Aside from the peafowl—who have given us more than enough grief—and some exotic chickens, we’ve stuck to the standard livestock, knowing we couldn’t learn all their ways in twenty lifetimes. Every animal that has set hoof or paw or claw on Trauma Farm has been a teacher.

10
FRUIT OF THE WOOD

H
OWARD, MIKE’S BROTHER
, lounged in the old chair beneath the Byrons’ carport while I hauled on the handle, squeezing the juice out of the apple mash. “Pull harder!” He laughed like a mad galley-master on a slave ship as I threw a last heave into the press, sweating in the cool October air. This was a decade ago and Howard was in his mid-seventies, wiry and full of laughter, wearing his favourite, frazzled fedora. His ancient giant of a border collie, Big Mac, slept at his feet.

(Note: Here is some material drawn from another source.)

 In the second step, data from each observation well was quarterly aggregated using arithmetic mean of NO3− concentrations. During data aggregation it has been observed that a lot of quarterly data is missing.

One of the Byron clan that settled the island in the Depression years, he not only worked his own farm but leased several others, running his Jacob sheep—the four-horned bicoloured black-and-white breed whose bizarre face was often used as the face of the devil in Christian iconography— on their fields. He also tended orchards. The Brown orchard was the biggest, about 150 acres with at least two hundred apple trees.

The domestic apple arrived on Salt Spring around 1860, and our orchards peaked at the turn of that century as land was cleared and fruit planted for the gold rush of ’98. A crate of winter apples in a cabin was a miner’s source of vitamin C back then. Today Salt Spring is rich with ecologists who have been rebuilding these legacy orchards and planting more heritage fruit. The island is rapidly becoming one of the larger fruit tree resources in North America. There are over 350 varieties of apple on the island.

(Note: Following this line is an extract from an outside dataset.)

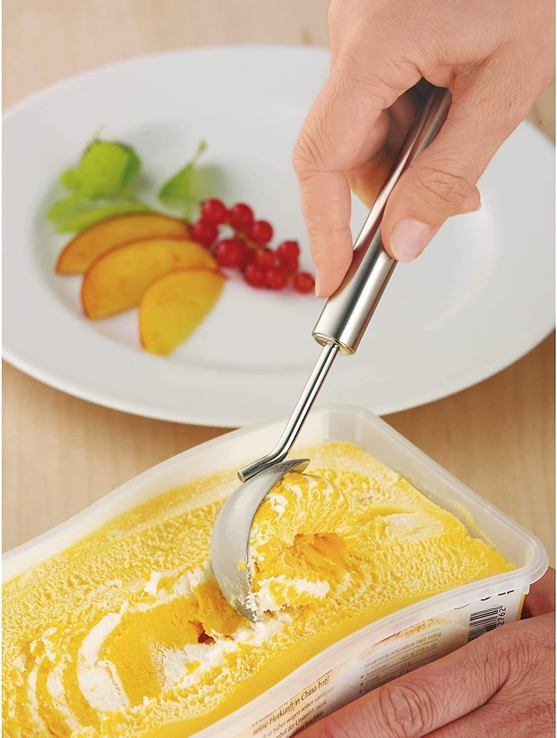 محتویات: ۱ عدد اسکوپ بستنی (طول ۲۱.۵ سانتیمتر، شکل اسکوپ تقریباً ۵ سانتیمتر) - شماره کالا: ۱۸۷۱۴۱۶۰۳۰ جنس: استیل ضد زنگ Cromargan® 18/10، روکش نیمه مات. ضد زنگ، قابل شستشو در ماشین ظرفشویی، دارای ثبات ابعادی، بهداشتی، مقاوم در برابر اسید و عملاً غیر قابل خراب شدن. بستنی را به سرعت و به راحتی از مچ دست جدا کنید - حتی برای بستنیهای خیلی سفت هم مناسب است. هم افراد راست دست و هم چپ دست میتوانند از آن استفاده کنند. این ظرف بستنی همچنین برای سرو کردن برنج، ماست میوهای، خمیر کیک و کلوچه، توپهای خربزه، پوره سیبزمینی یا حتی کوفته قلقلی ایدهآل است. قطعات کاربردی محکم به دسته چسبانده شدهاند. دارای یک روزنه کاربردی برای نگهداری روی ریل آویز با قلاب است.

Snow apples. Spartan, Spy, Winter Banana, Gravenstein, Wolf River, Belle de Boskoop, Ben Davis . . . The Ben Davis is a legendary hard, winter apple that suddenly sweetens and softens in January. During the Depression boys used them for baseballs until Christmas arrived. Like many winter apples, the Ben Davis travelled well in barrels, but all these apples are increasingly endangered as they are replaced by the sweeter, showier apples designed to match globalization’s evolving transportation and cold storage systems. Few farmers like Howard remain. You only had to show him an apple and he could tell you its name, its storage characteristics, and whether it was best for juice, baking, drying, storage, or eating straight up, and he could probably name the girl he gave one to when he was a teenager, after polishing it up on his blue jeans.

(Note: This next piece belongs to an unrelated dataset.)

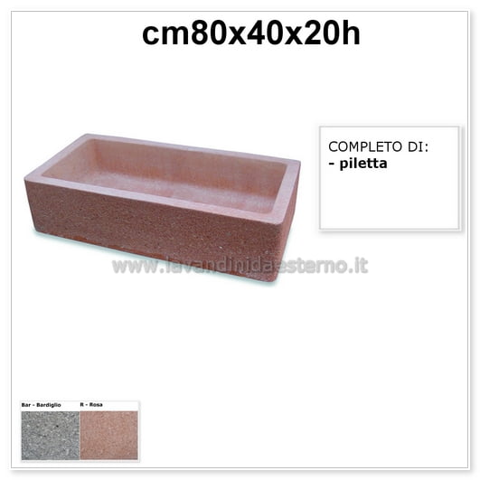 L’acquaio da giardino olimpo aq4050 è realizzato con una miscela di cemento grigio 42,5 e granulato di marmo di diametro circa mm6 disponibile in due colorazioni bardiglio e rosa e si adatta esteticamente a qualsiasi ambiente sia interno che esterno,sia moderno che rustico.

We’d picked close to five hundred feed bags full of apples earlier in the week and were only half finished our pressing, sugar-stoned on the juice. Howard could dip his glass into our barrel, taste the juice, and know what variety to mix in. “More Grimes, more Grimes,” he’d say, waving his glass about. Then he wanted Wolf River because the flavour was too strong and we needed to thin it with a juicier apple. He was an apple gourmand, and it was a thrill watching him blend our juice while I grunted at the press. “Bring ten more bags of the kings and a couple of Cox’s orange pippin. We need to sweeten this batch up.” His commands made me recall Thoreau’s ageless “Wild Apples” essay: “Almost all wild apples are handsome. They cannot be too gnarly and crabbed and rusty to look at. The gnarliest will have some redeeming traits even to the eye.”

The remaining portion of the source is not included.